* **Work item**
Write out the data again exactly, skipping every picture.

** Provided data follows **

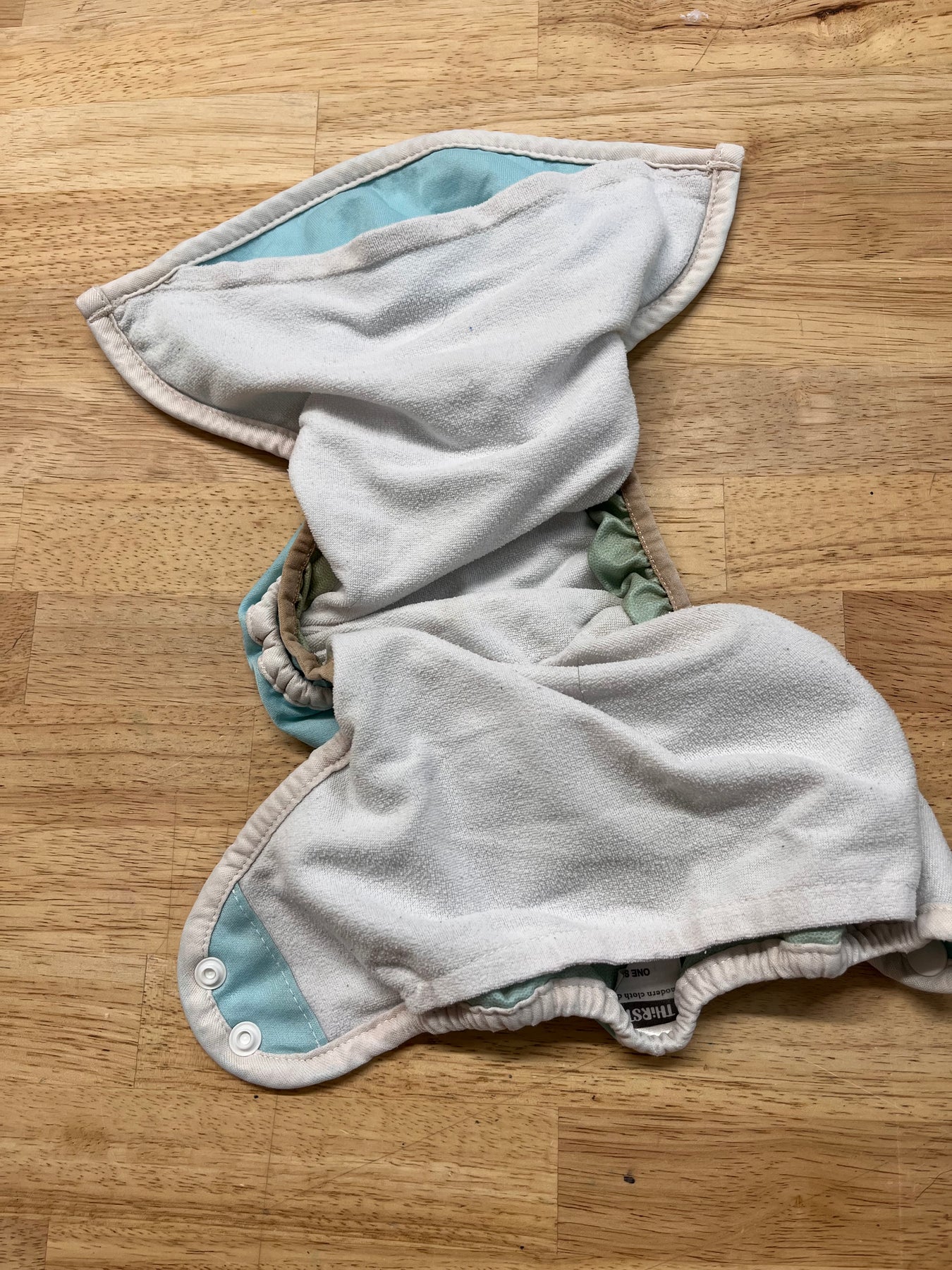 Thirsties Pocket Diaper in fair condition. Light blue printed exterior, double gusset, moderate wear.
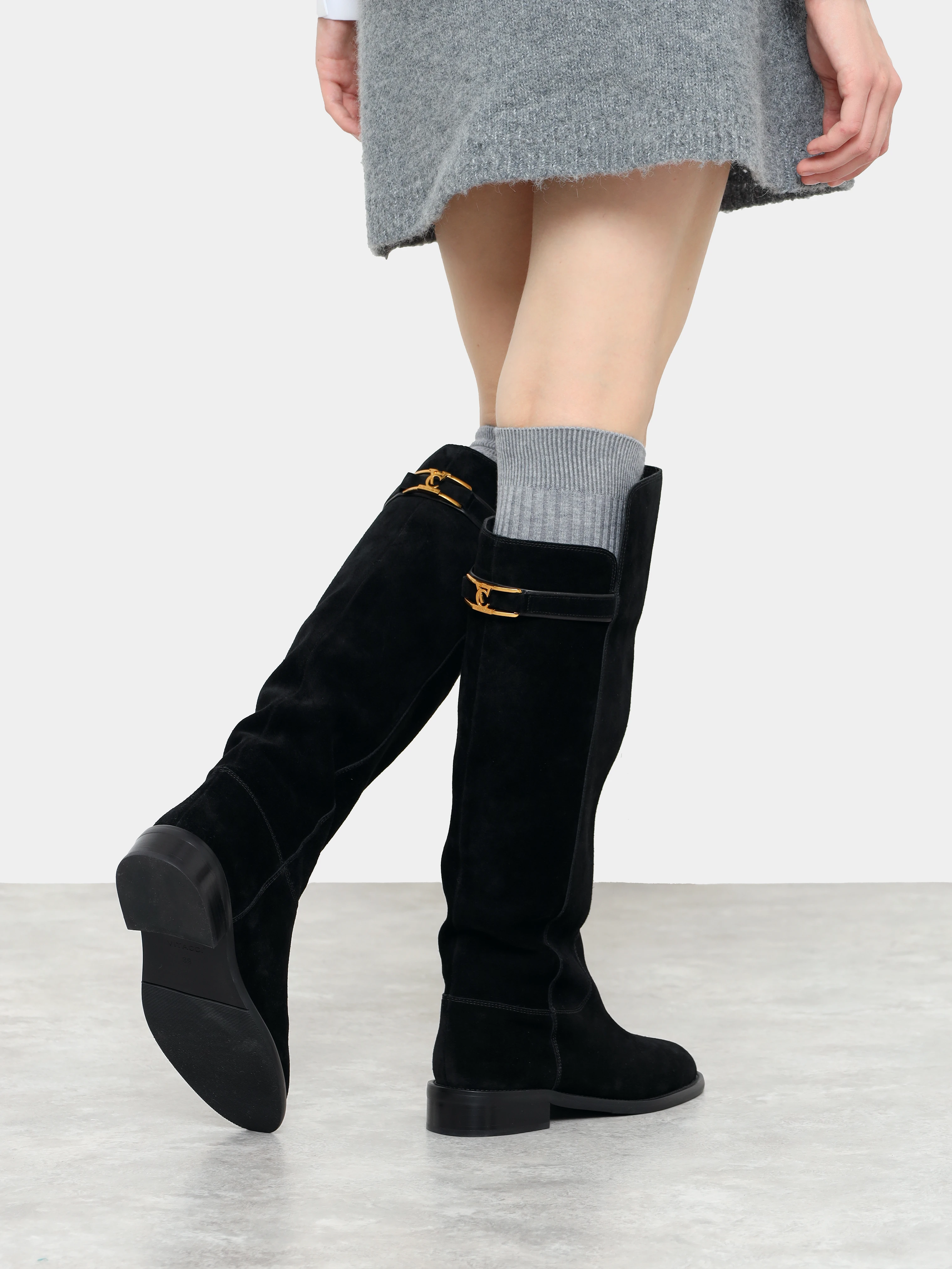 Сапоги женские зимние, цвет черный, натуральный спилок
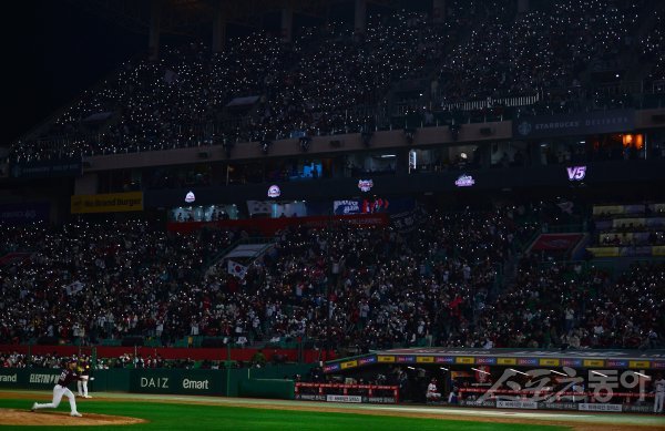 1일 인천 SSG랜더스필드에서 열린 ‘2022 신한은행 SOL KBO리그’ 한국시리즈 1차전 SSG 랜더스와 키움 히어로즈의 경기에서 만원 관중들이 플래시 응원을 하고 있다.

** End of Provided data **

* **Solution**
 Thirsties Pocket Diaper in fair condition. Light blue printed exterior, double gusset, moderate wear.
 Сапоги женские зимние, цвет черный, натуральный спилок
 1일 인천 SSG랜더스필드에서 열린 ‘2022 신한은행 SOL KBO리그’ 한국시리즈 1차전 SSG 랜더스와 키움 히어로즈의 경기에서 만원 관중들이 플래시 응원을 하고 있다.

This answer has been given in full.